• Supplied records
◆ ◆ ◆ ◆
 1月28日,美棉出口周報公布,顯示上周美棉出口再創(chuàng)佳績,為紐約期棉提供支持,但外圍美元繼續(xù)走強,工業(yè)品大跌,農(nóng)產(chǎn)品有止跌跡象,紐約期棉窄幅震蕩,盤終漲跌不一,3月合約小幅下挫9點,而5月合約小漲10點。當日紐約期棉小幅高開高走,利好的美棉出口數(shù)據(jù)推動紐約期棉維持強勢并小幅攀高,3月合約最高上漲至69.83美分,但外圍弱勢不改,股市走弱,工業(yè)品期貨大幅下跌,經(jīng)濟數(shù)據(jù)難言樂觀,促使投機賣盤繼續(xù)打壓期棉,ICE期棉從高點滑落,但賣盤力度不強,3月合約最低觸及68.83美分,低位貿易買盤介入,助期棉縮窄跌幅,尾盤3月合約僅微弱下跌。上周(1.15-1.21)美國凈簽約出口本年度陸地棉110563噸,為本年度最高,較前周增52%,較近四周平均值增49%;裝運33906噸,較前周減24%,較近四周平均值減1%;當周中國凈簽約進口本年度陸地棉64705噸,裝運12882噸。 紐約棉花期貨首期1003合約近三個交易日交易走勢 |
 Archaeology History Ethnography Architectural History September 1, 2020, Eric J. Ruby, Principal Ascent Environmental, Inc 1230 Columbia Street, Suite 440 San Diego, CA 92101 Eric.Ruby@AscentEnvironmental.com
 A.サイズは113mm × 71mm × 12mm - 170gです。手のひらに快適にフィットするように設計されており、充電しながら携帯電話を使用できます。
◆ ◆ ◆ ◆
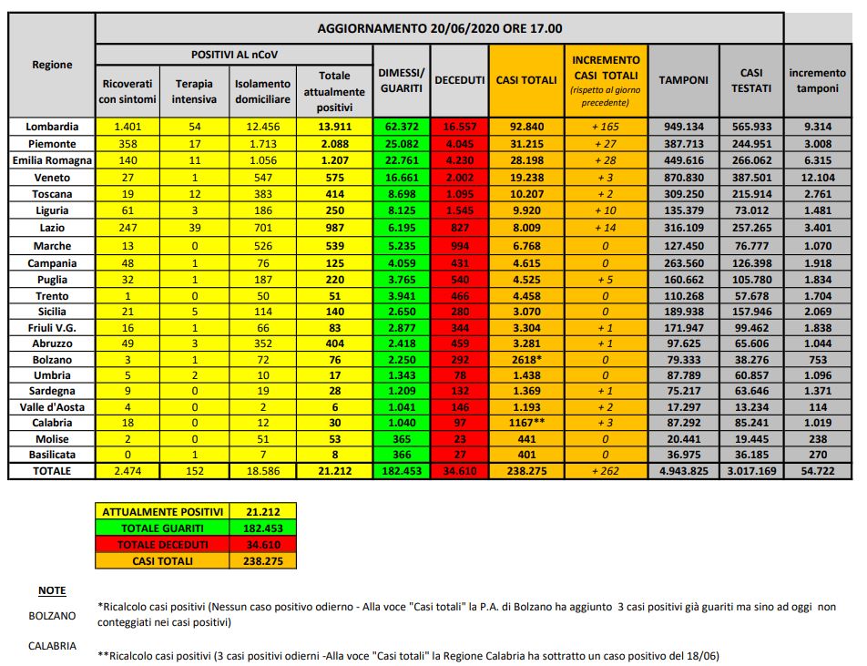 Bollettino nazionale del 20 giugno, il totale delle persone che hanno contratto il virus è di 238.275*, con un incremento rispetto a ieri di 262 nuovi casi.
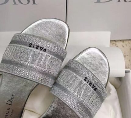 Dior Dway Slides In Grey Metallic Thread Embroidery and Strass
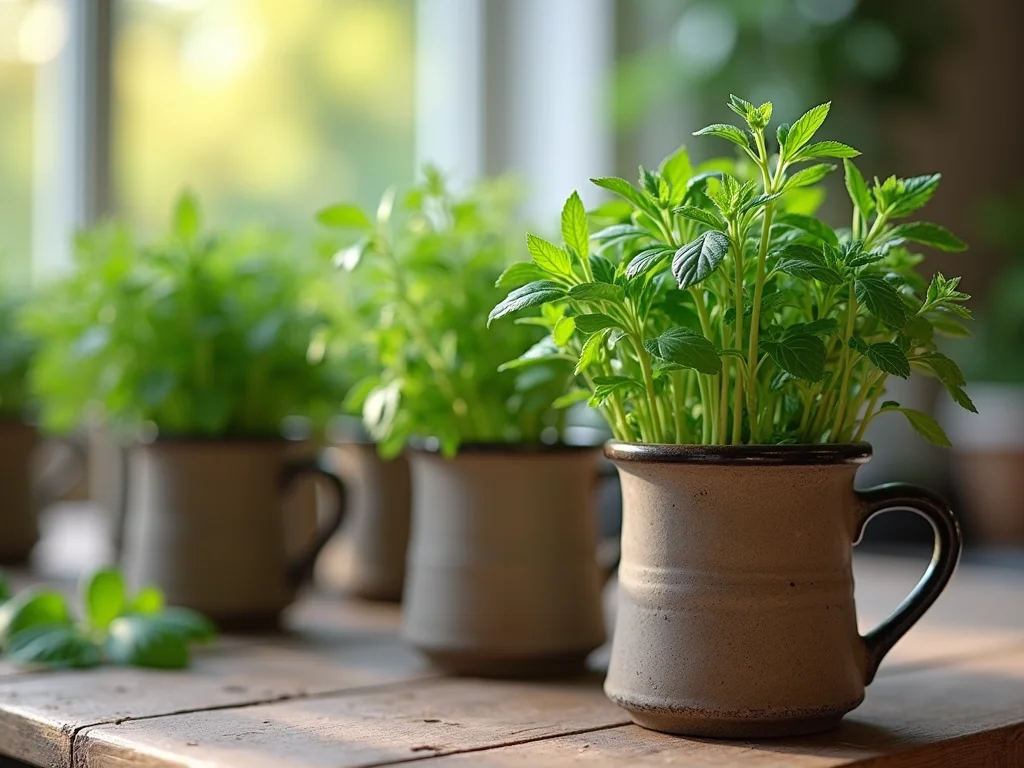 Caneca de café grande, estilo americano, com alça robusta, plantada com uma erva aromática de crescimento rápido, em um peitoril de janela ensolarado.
◆ ◆ ◆ ◆
• Exercise brief
Start at the line containing "Bollettino nazionale del" above and stop at the line containing "Caneca de café". Output those lines exactly, both included, but none of the pictures.

• Task output
 Bollettino nazionale del 20 giugno, il totale delle persone che hanno contratto il virus è di 238.275*, con un incremento rispetto a ieri di 262 nuovi casi.
 Dior Dway Slides In Grey Metallic Thread Embroidery and Strass
 Caneca de café grande, estilo americano, com alça robusta, plantada com uma erva aromática de crescimento rápido, em um peitoril de janela ensolarado.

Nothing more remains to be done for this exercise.